Fourth, agent coding frameworks enable more mathematically sophisticated models. Some of the most highly regarded and mathematically rigorous models in computational neuroscience, such as mean-field theory from statistical physics, employ advanced techniques that require years of intensive training to master. As we move to “,”prove the atmosphere”, the outlook for equation-based AI-assisted theoretical research is changing. Systems that can work with symbolic mathematics and executable code simultaneously open up new research directions with mathematically sophisticated models by supporting researchers who are very accustomed to computer terminals but not blackboards.
It is worth recognizing that this acceleration and expansion of theoretical possibilities comes with real risks, especially for trainees. For theorists, it’s not just friction that transforms ideas into equations and then into code. It is a form of disciplined thinking. As theorists build models one by one, they develop an intimacy with the models that forces understanding. Slow, painstaking construction makes modelers aware of gaps in their own reasoning, and vague intuitions confront reality. Automating this struggle risks creating a world in which theorists are unable to deeply understand their models. For trainees, this is especially dangerous. Advisors face the heavy responsibility of determining which struggles are worth preserving to protect the conditions in which learning takes place.
But there are still more serious risks. It is precisely this struggle that often evokes real theoretical insights. By spending nights staring at unexplained behavior in models, theorists make conceptual leaps that lead to real discoveries. If we lose the battle, we may lose not only understanding but also inspiration itself. The field, while prolific, is in danger of becoming shallow, generating models faster than we can generate insights. as Tim Requas recently discussed About AI-assisted writing, “If struggling to articulate an idea is part of the process of understanding it, tools that avoid that struggle can degrade the quality of thinking that is most important to actual discovery.”

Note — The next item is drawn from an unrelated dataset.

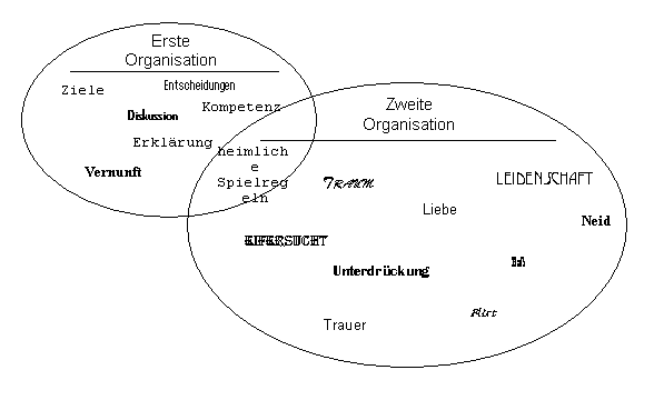 Aus der Perspektive dieser zweiten Wirklichkeit erscheint die Organisation vielleicht als beschützende Mutter, unter deren Dach sich die Organisationsmitglieder vor dem bedrohlich leeren Arbeitsmarkt verstecken. Oder als Raum, in dem sadistische Unterdrückung stattfinden darf. Oder als Möglichkeit, sich in einem Nirvana von Arbeit aufzulösen und zu erlösen. Jede erste Organisation hat ihre Zweite Organisation und umgekehrt. Die Zweite Organisation ist je nachdem beschaffen, was die Individuen der ersten Organisation als kleinsten gemeinsamen Nenner unerträglicher und uneingestehbarer Wahrheit empfinden.

Agenttic coding frameworks help realize Abbott’s vision. That means the freedom to explore and reject ideas quickly, the removal of technical barriers that reduce model adoption, and the ability for more researchers to explore complex, mathematically rigorous models. The north star of living through these times is remembering that most ideas are bound to fail and that to cultivate and maintain this discretion, we may need to periodically step away from the AI and return to the proven resources of our own minds.